## [Task objective]
Please transcribe the lines below exactly, and leave every image behind.

BEGIN Stored data

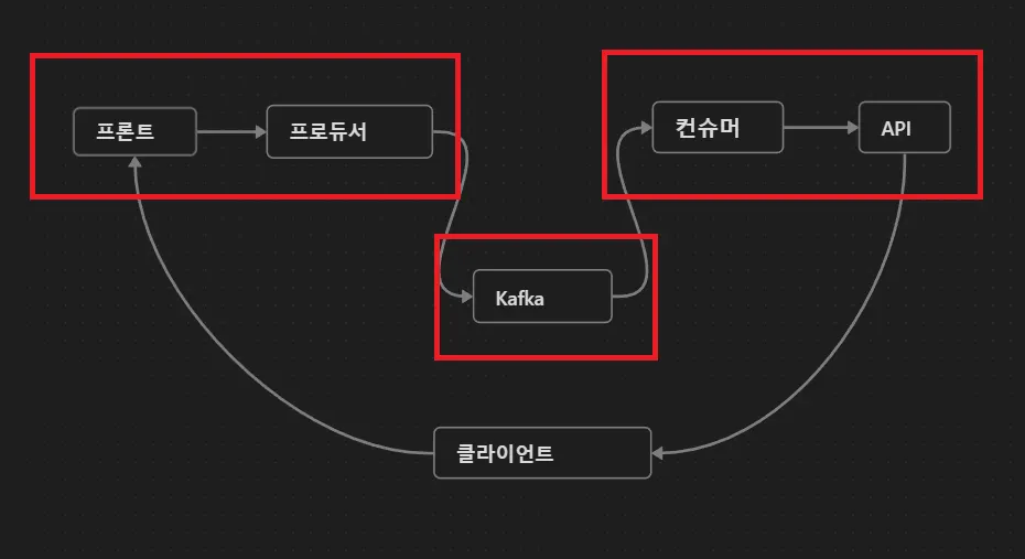 실무에선 컨슈머는 직접 클라이언트에게 응답을 보내지 않고, 결과를 프로듀서에게 전달하고 프로듀서가 클라이언트에게 응답을 보내는 구조로 처리로 합니다.
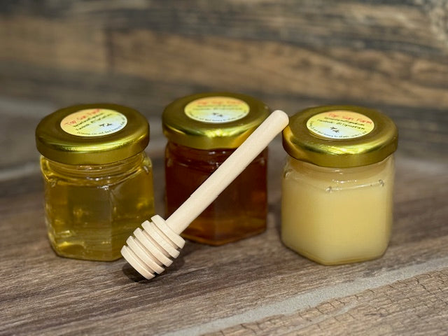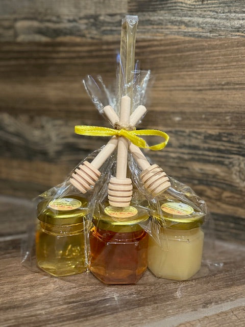 Are you looking for that perfect gift idea for friends, family, teachers, or neighbors? Our Mini Honey Trio makes the perfect gift for any occasion. Treat yourself or someone special with this convenient gift pack. Each set gives you the chance to sample all three varieties of our 100% raw honey (spring harvest, fall harvest, and the incredibly delicious creamed honey) plus three honey sticks. It's the perfect way to sweeten your day!
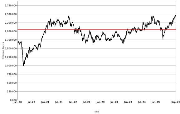 The Russell 2000® Index – Historical Closing Values January 2, 2020 to September 25, 2025 |
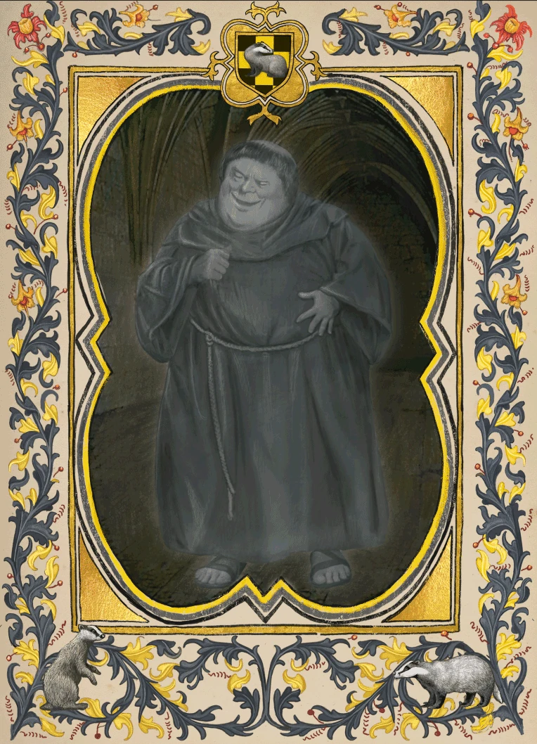 At the age of eleven, the Friar became a student at Hogwarts School of Witchcraft and Wizardry in Scotland. He was Sorted into Hufflepuff House and was taught by Helga Hufflepuff in the magical arts the seven years that followed.[6]

END Stored data

## [Response area]
 실무에선 컨슈머는 직접 클라이언트에게 응답을 보내지 않고, 결과를 프로듀서에게 전달하고 프로듀서가 클라이언트에게 응답을 보내는 구조로 처리로 합니다.
 Are you looking for that perfect gift idea for friends, family, teachers, or neighbors? Our Mini Honey Trio makes the perfect gift for any occasion. Treat yourself or someone special with this convenient gift pack. Each set gives you the chance to sample all three varieties of our 100% raw honey (spring harvest, fall harvest, and the incredibly delicious creamed honey) plus three honey sticks. It's the perfect way to sweeten your day!
 The Russell 2000® Index – Historical Closing Values January 2, 2020 to September 25, 2025 |
 At the age of eleven, the Friar became a student at Hogwarts School of Witchcraft and Wizardry in Scotland. He was Sorted into Hufflepuff House and was taught by Helga Hufflepuff in the magical arts the seven years that followed.[6]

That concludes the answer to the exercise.